Rønnebæksholm’s history dates back to the Middle Ages and is first mentioned in written sources in 1321. The narrative about Rønnebæksholm is rooted in local myths, as well as the official history of Denmark. According to legend, the main building’s location is shrouded in mystique, while official sources show that Denmark’s first powder mill was erected on Rønnebæksholm’s grounds in 1513.
The manor’s wealth of stories springs forth from its buildings, gardens, park and archives. Most of these stories are mere side notes to the canonised cultural history of Denmark, yet for this very reason they jog our typical perception of certain historical events and figures.

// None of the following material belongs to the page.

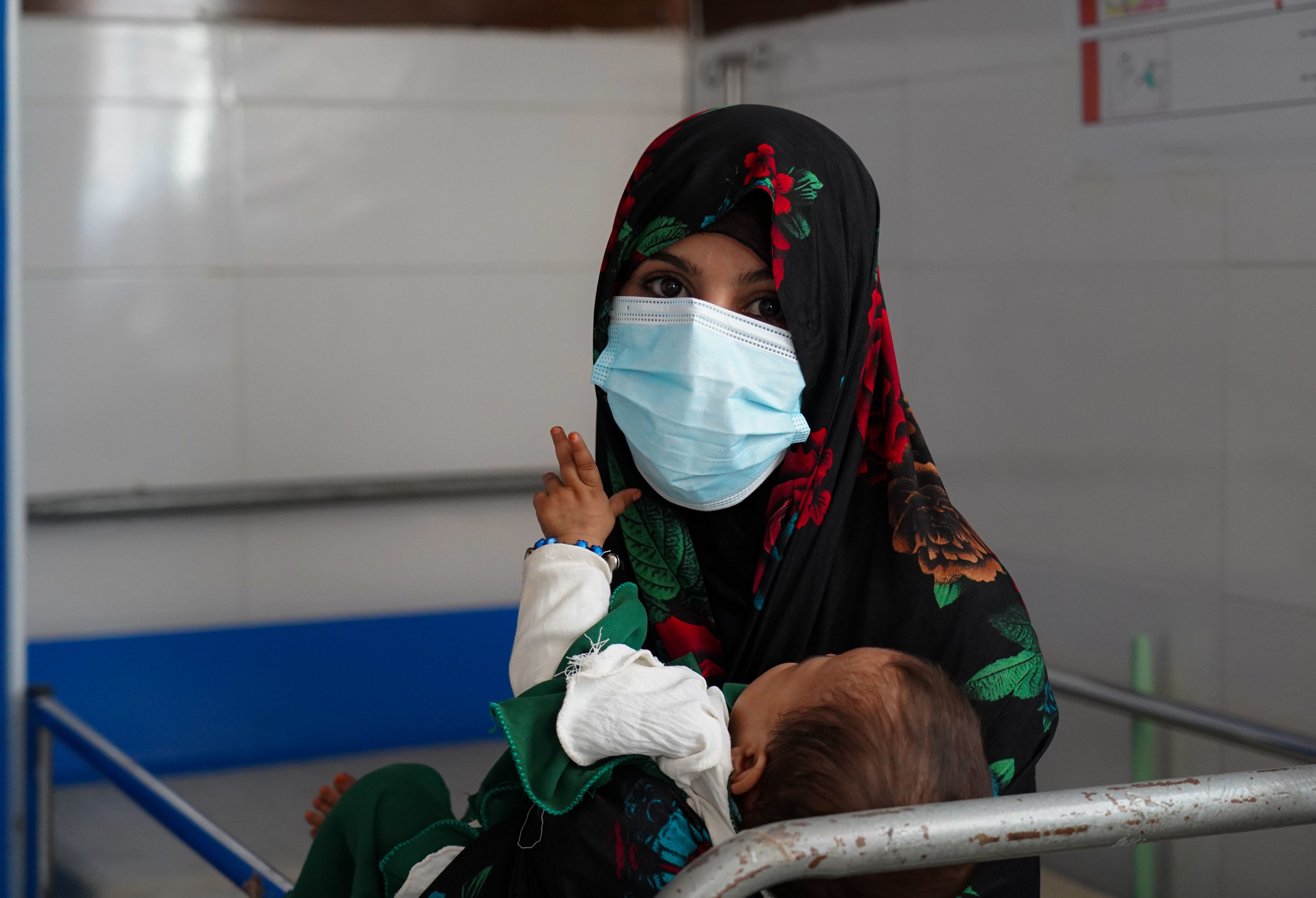 Mothers and their children wait in line at a World Vision clinic, located in a remote part of Herat province, to receive lifesaving treatment for malnutrition.

For example, Rønnebæksholm has strong ties to the women’s rights movement through the lives of figures such as Marie Toft and Mathilde Fibiger, who resided at the manor. The manor’s history also makes unique contributions to our understanding of the emergence of peasant rights, 18th century propagandistic history writing, King Christian II’s utopian projects, and the happiest years of Danish cultural icon N.F.S Grundtvig’s life as he resided at Rønnebæksholm with his wife Marie.
Today at Rønnebæksholm, we draw on the manor’s storied history as a basis for the critical exploration of contemporary society and culture through art exhibitions, cultural events and our range of educational programmes.
Rønnebæksholm is a cultural institution in Næstved Municipality and also operates Storstrøm Art School.